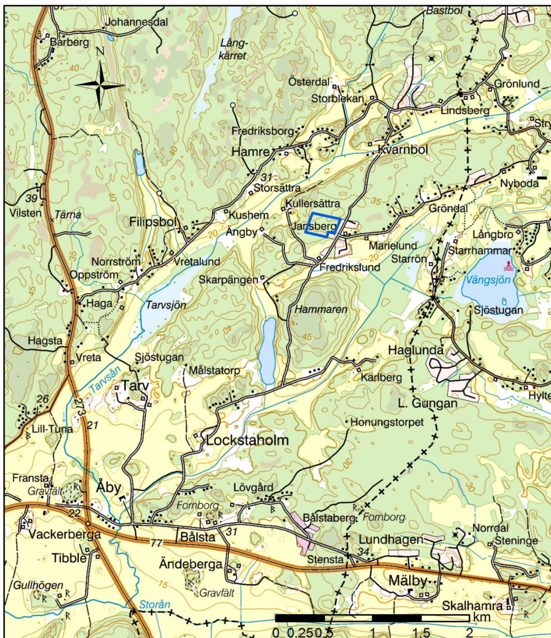
Figur 1. Översiktskarta över Husby-Långhundra med utredningsområdet markerat med blå linje. Skala 1:40 000.

Upplandsmuseet utförde under maj 2015 en arkeologisk utredning, steg 1 inom fastigheten Målsta 2:38, Jansberg i Husby-Långhundra inför detaljplan för bostäder (fig 1). Utredningen gjordes på uppdrag av Famili Invest AB och efter beslut av Länsstyrelsen i Uppsala län (lstn dnr 431-4887-2014). Projektledare var Hans Göthberg.
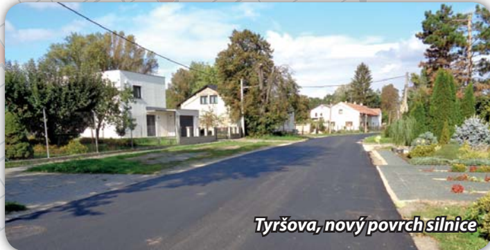
Tyršova, nový povrch silnice

Správa a údržba silnic avizovala provedení opravy povrchu na ul. Tyršova – od sokolovny až do Cvrčovic po první odbočku. Povrch silnice byl odfrézován a následně byl položen nový živícný povrch. Akce zvýšila bezpečnost silničního provozu a zlepšil se samozřejmě i vzhled města.
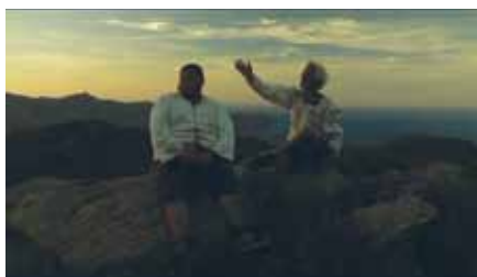
Sant Pere de Rodes, 2006

Samedi 4 mai, 20h, Cinéma 2, séance présentée par Albert Serra
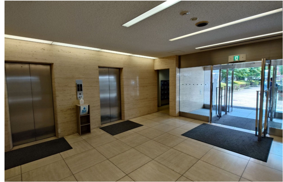
エレベーターホール
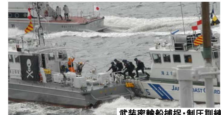
武装密輸船捕捉・制圧訓練
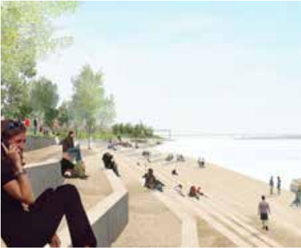
2009 Embankment Park Perm Rusland Hosper landschapsarchitectuur en stedenbouw Haarlem ism KCAP Rotterdam
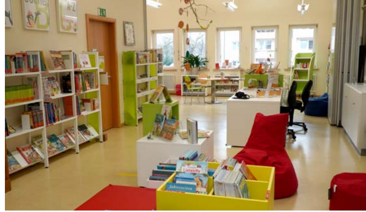
KÖB St. Elisabeth Karlsruhe, © Fachstelle Freiburg
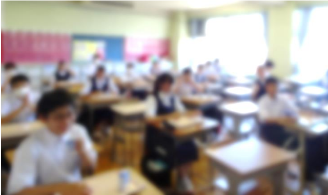
分散登校日の給食のようす

班ごとに向かい合って楽しく食事をすることはまだできませんが、久しぶりの給食を、皆おいしそうに食べています。
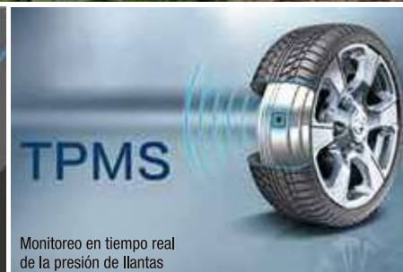
Monitoreo en tiempo real de la presión de llantas
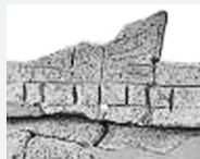
家形埴輪の鱗飾り

- _DESCRIPTION OF THE TASK_: Search the lines above for the string "nový" and copy each line that has it.

- _TASK ANSWER_:
Tyršova, nový povrch silnice
Správa a údržba silnic avizovala provedení opravy povrchu na ul. Tyršova – od sokolovny až do Cvrčovic po první odbočku. Povrch silnice byl odfrézován a následně byl položen nový živícný povrch. Akce zvýšila bezpečnost silničního provozu a zlepšil se samozřejmě i vzhled města.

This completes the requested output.